DELICIAS DE AMOR: CAPITULO 1





Cómo se ha hecho tan tarde?


La exasperada, aunque retórica, pregunta resonaba en su cerebro mientras Paula Chaves recorría la casa comprobando que no había dejado las ventanas abiertas y que había echado el cerrojo de la puerta de atrás. No había habido muchos robos en su vecindario, pero vivía sola y eso la llevaba a ser cuidadosa.


Tenía la sensación de que los minutos volaban.


En otro tiempo siempre había sido más que puntual, ya se tratara de citas formales o de asuntos cotidianos. Pero eso había sido antes de que su madre falleciera, antes de quedarse sola y ser la única a cargo de los detalles de su vida.


A su modo de ver, había sido mucho más organizada y puntual cuando, además de cuidar de su madre, había tenido dos empleos para poder pagar las facturas médicas. 


Desde que solo era responsable de sí misma, parecía haber perdido la capacidad de organizarse. Si quería estar lista a las ocho, tenía que conminar a su mente para estarlo a las siete y media, y ni siquiera eso servía para lograr su objetivo.


Esa mañana se había dicho que saldría por la puerta a las siete. Eran las ocho y diez cuando se puso los zapatos de tacón.

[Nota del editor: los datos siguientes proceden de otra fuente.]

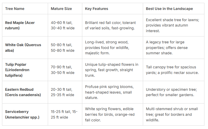 Native trees are exceptionally well-adapted to local soils and climate. They typically require less water and fertilizer once established. They also support local birds, pollinators, and other wildlife.

—Por fin —murmuró, agarrando su bolso y lanzándose hacia la puerta mientras buscaba las llaves que, últimamente, tenían tendencia a perderse en algún rincón del enorme bolso.


Preocupada y absorta en la frenética búsqueda que estaba retrasándola aún más, Paula estuvo a punto de pisarlo.


En su defensa, no había esperado que hubiera nada en el umbral, y menos aún una bola de pelo negro en movimiento, que aulló patéticamente cuando pisó una de sus patas.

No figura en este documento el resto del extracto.